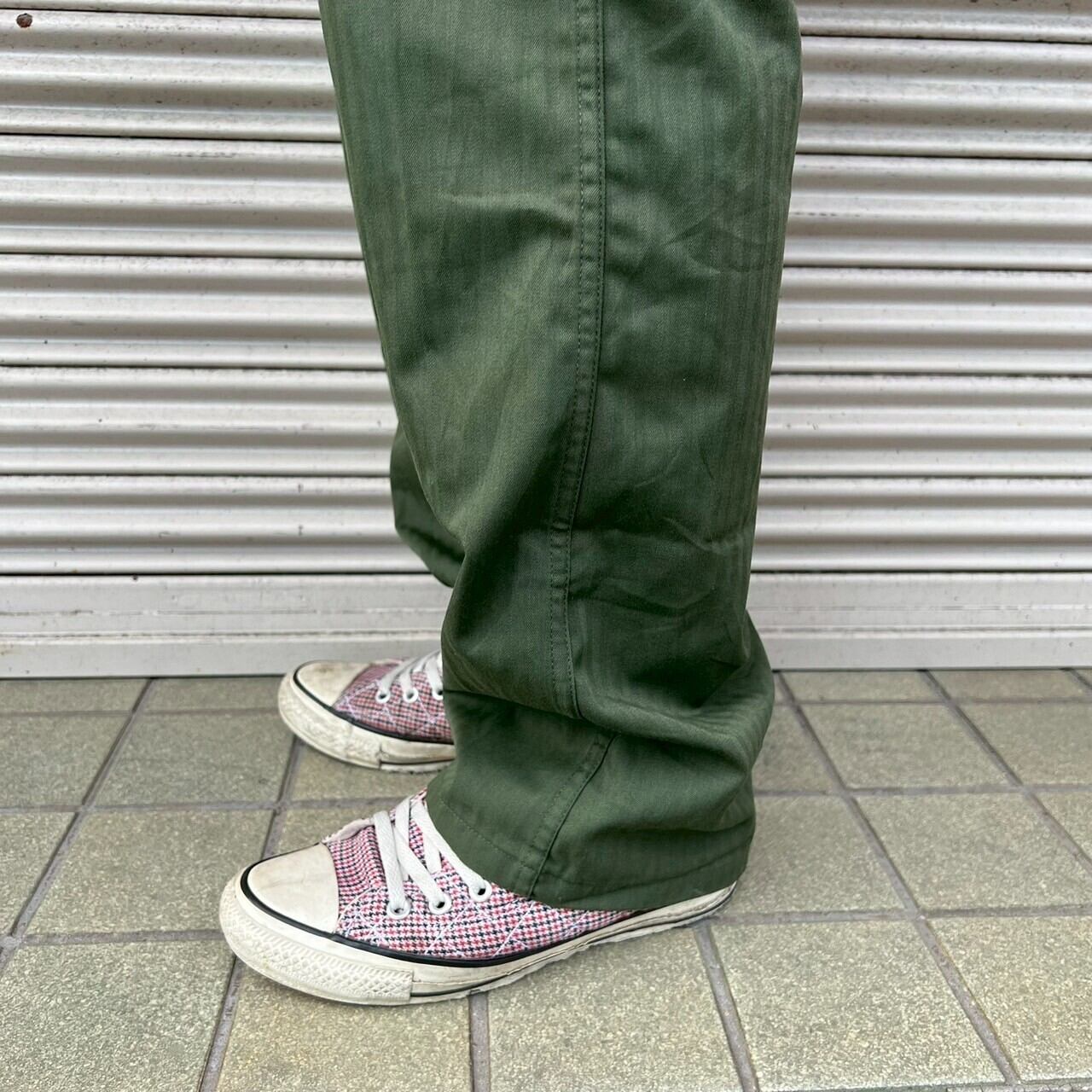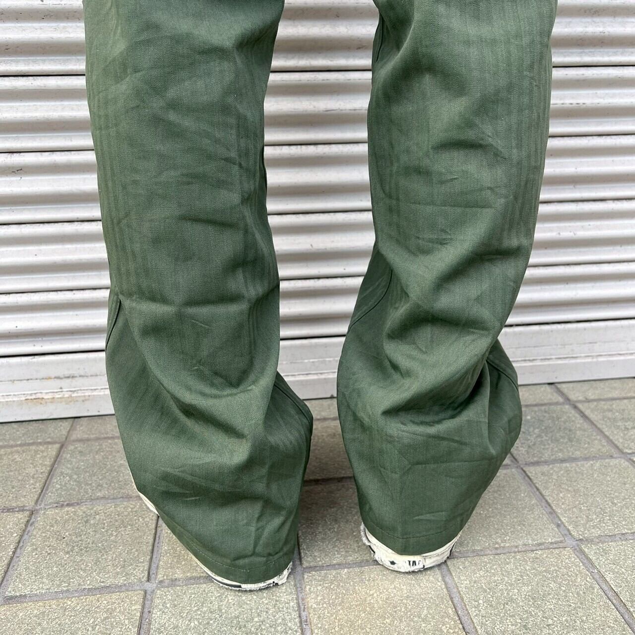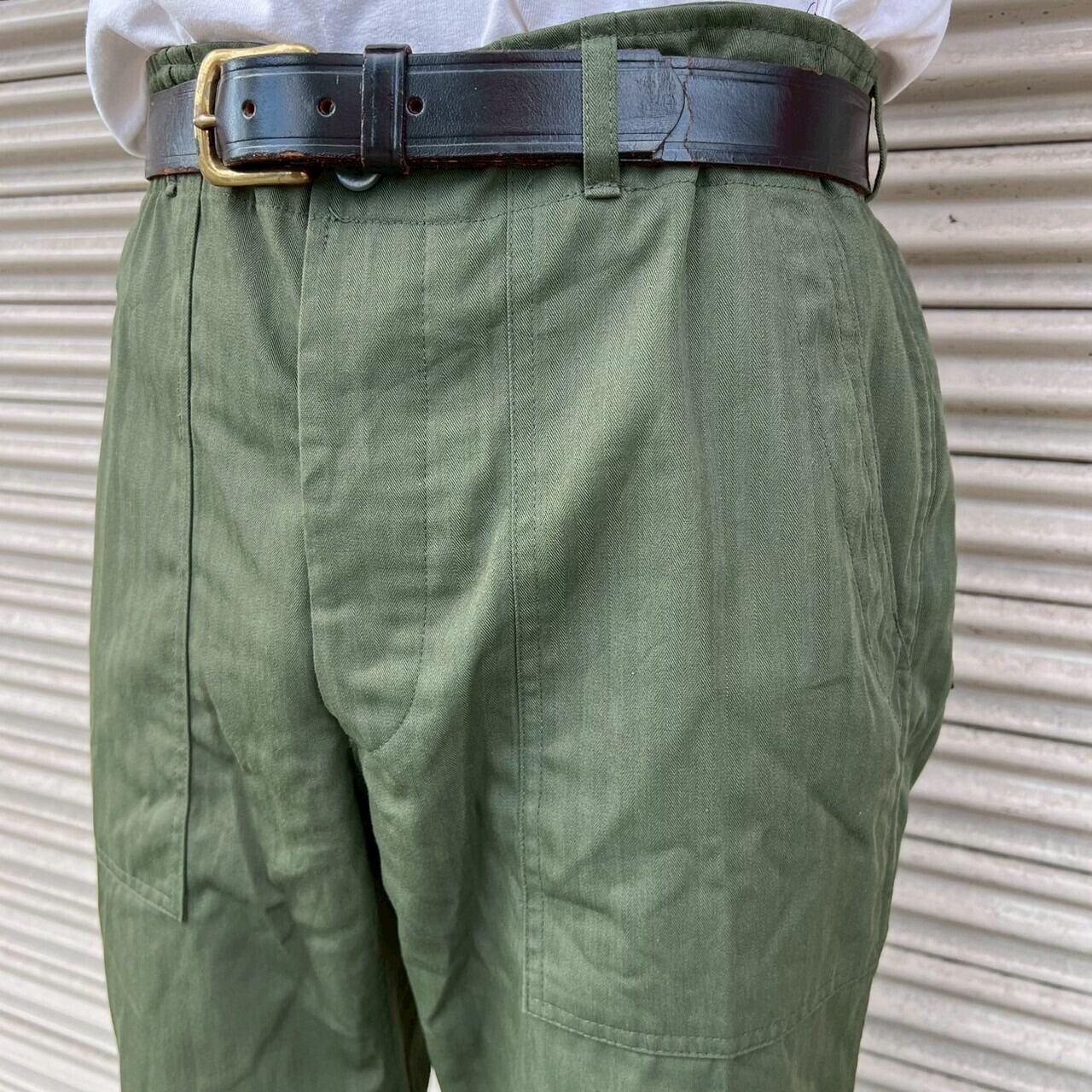80s 韓国軍 実物 ベイカーパンツ ヘリンボーン W86cm 6号 カーゴ ミリタリー ヴィンテージ コットン オリーブドラブ フィールドパンツ
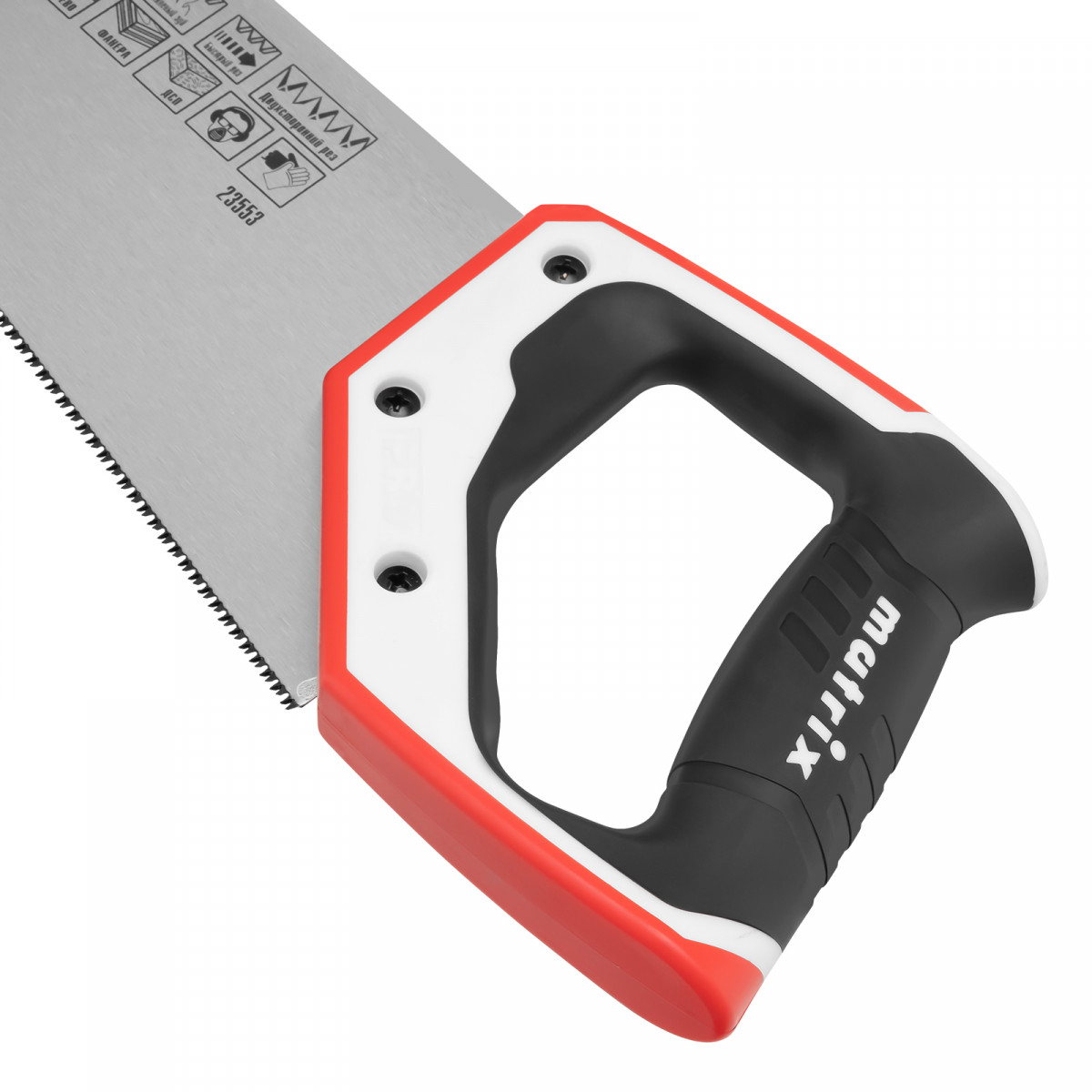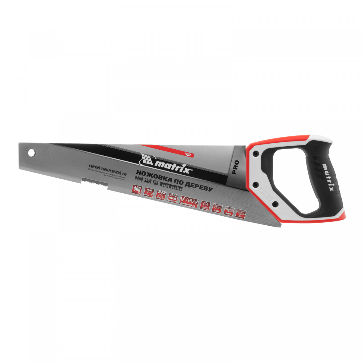 Ножовка по дереву Matrix PRO 23553 с полотном длиной 400 мм, калеными зубьями с шагом 14 TPI и 3D-заточкой, с трехкомпонентной рукояткой, предназначена для точных пильных работ с заготовками из древесины, фанеры и ДСП. Подходит для продольного и поперечного пиления. Шаг зубьев составляет 14 TPI, что обеспечивает точность реза. 3D-заточка зубьев увеличивает производительность ножовки. Инструмент будет полезен в столярной мастерской, а также пригодится в быту.
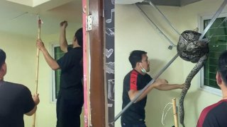 สาวถึงกับผงะ!เมื่อเจองูยักษ์ ตกลงมาจากฝ้าในบ้าน
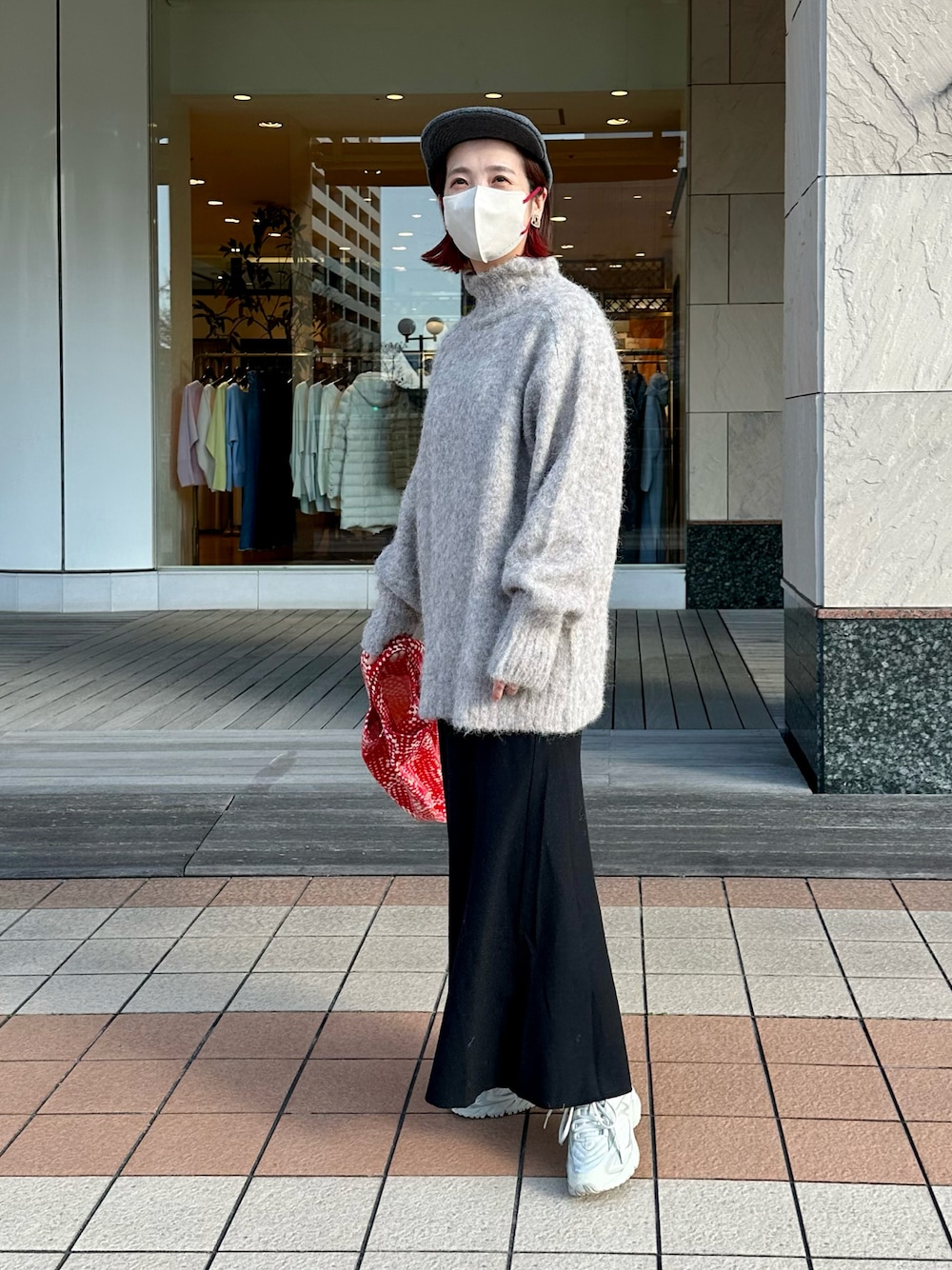 オーバーサイズのふわもこニットはプチマーメイドスカートですっきりバランスに。
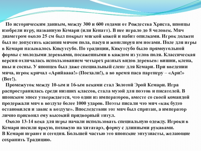Рождества Христа, японцы изобрели игру, названную Кемари (или Кенатт). В нее играло до 8 человек. Мяч диаметром около 25 см был покрыт мягкой кожей и набит опилками. Игрок должен был не допустить касания мячом пола, пасуя и жонглируя им ногами. Поле для игры в Кемари называлось Кикутсубо. По традиции, Кикутсубо было прямоугольной формы с молодыми деревьями, посаженными в каждом из углов поля. Классическая версия отличалась использованием четырех разных видов деревьев: вишни, клена, ивы и сосны. У японцев был даже специальный сленг для Кемари. При введении мяча, игрок кричал «Арийаааа!» (Поехали!), а во время паса партнеру – «Ари!» (Вот!).
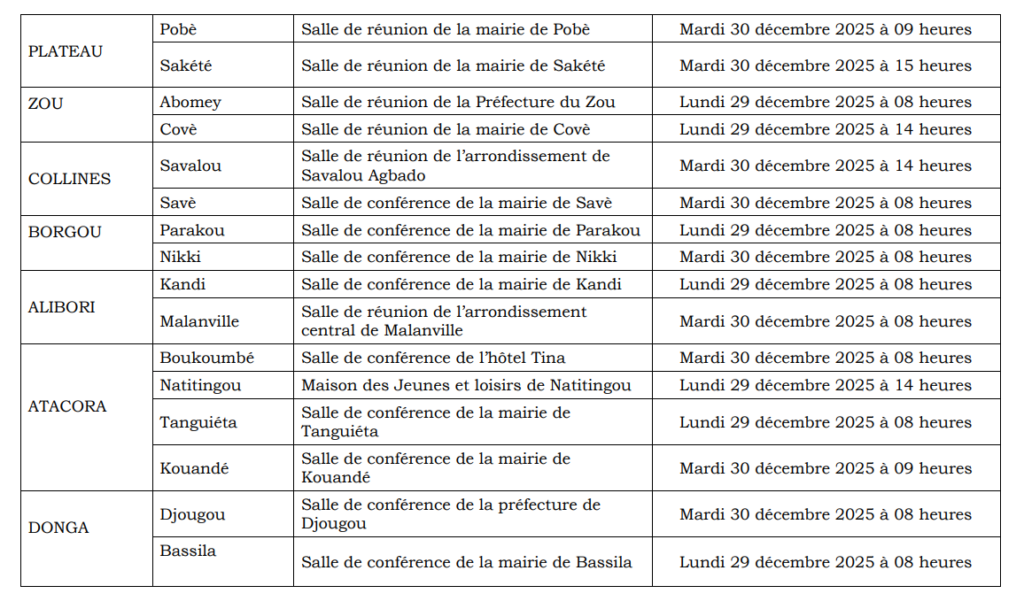 Les candidats aux postes de délégués de la Cour dans les arrondissements, les communes et les départements peuvent consulter la liste des personnes retenues sur le site https://courconstitutionnelle.bj, ou dans les mairies.
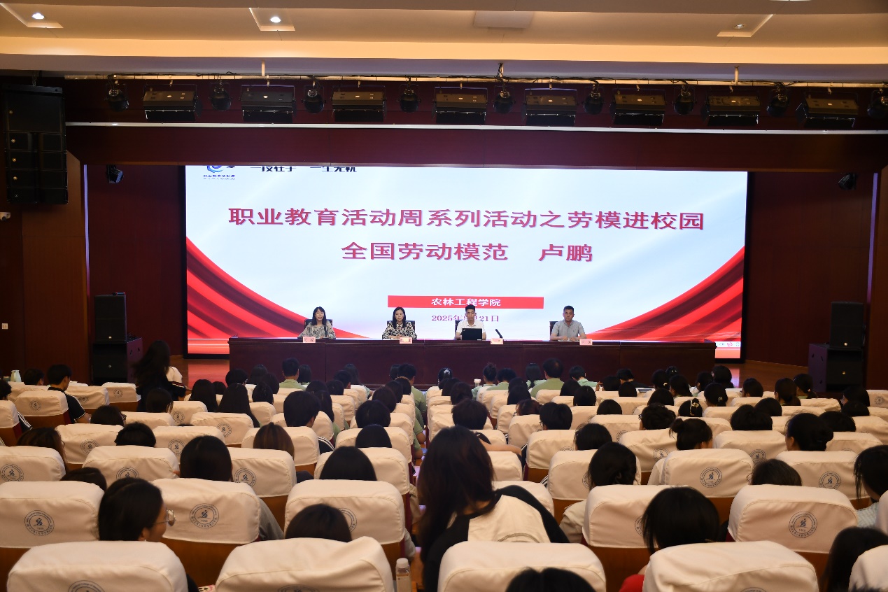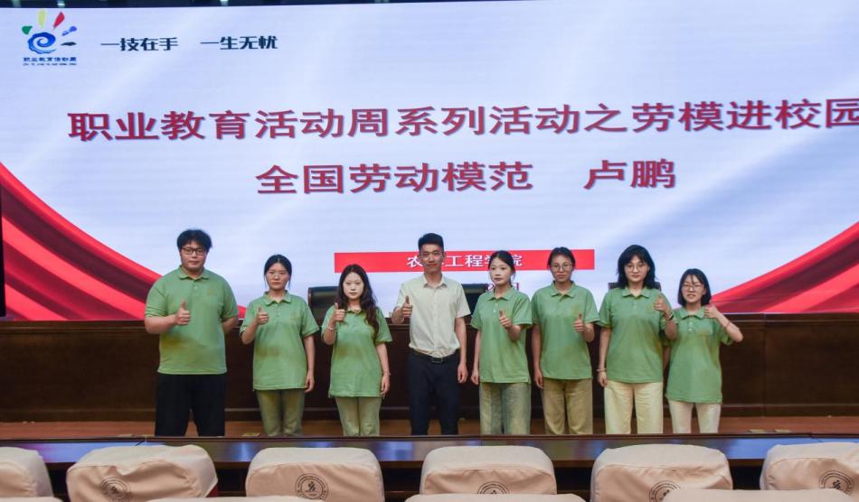 为大力弘扬劳模精神、工匠精神,营造“劳动光荣、技能宝贵、创造伟大”的时代风尚,5月21日下午,由教务处主办农林工程学院承办的职业教育活动周系列活动之劳模进校园在学术报告厅举行。活动邀请全国劳动模范卢鹏到校宣讲。教务处处长王兵、农林工程学院院长陶佩琳、师生代表等200余人参加活动。活动由农林工程学院副院长关滢主持。

————

Your copy should match the data above exactly, apart from the pictures.

80s 韓国軍 実物 ベイカーパンツ ヘリンボーン W86cm 6号 カーゴ ミリタリー ヴィンテージ コットン オリーブドラブ フィールドパンツ
 Ножовка по дереву Matrix PRO 23553 с полотном длиной 400 мм, калеными зубьями с шагом 14 TPI и 3D-заточкой, с трехкомпонентной рукояткой, предназначена для точных пильных работ с заготовками из древесины, фанеры и ДСП. Подходит для продольного и поперечного пиления. Шаг зубьев составляет 14 TPI, что обеспечивает точность реза. 3D-заточка зубьев увеличивает производительность ножовки. Инструмент будет полезен в столярной мастерской, а также пригодится в быту.
 สาวถึงกับผงะ!เมื่อเจองูยักษ์ ตกลงมาจากฝ้าในบ้าน
 オーバーサイズのふわもこニットはプチマーメイドスカートですっきりバランスに。
Рождества Христа, японцы изобрели игру, названную Кемари (или Кенатт). В нее играло до 8 человек. Мяч диаметром около 25 см был покрыт мягкой кожей и набит опилками. Игрок должен был не допустить касания мячом пола, пасуя и жонглируя им ногами. Поле для игры в Кемари называлось Кикутсубо. По традиции, Кикутсубо было прямоугольной формы с молодыми деревьями, посаженными в каждом из углов поля. Классическая версия отличалась использованием четырех разных видов деревьев: вишни, клена, ивы и сосны. У японцев был даже специальный сленг для Кемари. При введении мяча, игрок кричал «Арийаааа!» (Поехали!), а во время паса партнеру – «Ари!» (Вот!).
 Les candidats aux postes de délégués de la Cour dans les arrondissements, les communes et les départements peuvent consulter la liste des personnes retenues sur le site https://courconstitutionnelle.bj, ou dans les mairies.
 为大力弘扬劳模精神、工匠精神,营造“劳动光荣、技能宝贵、创造伟大”的时代风尚,5月21日下午,由教务处主办农林工程学院承办的职业教育活动周系列活动之劳模进校园在学术报告厅举行。活动邀请全国劳动模范卢鹏到校宣讲。教务处处长王兵、农林工程学院院长陶佩琳、师生代表等200余人参加活动。活动由农林工程学院副院长关滢主持。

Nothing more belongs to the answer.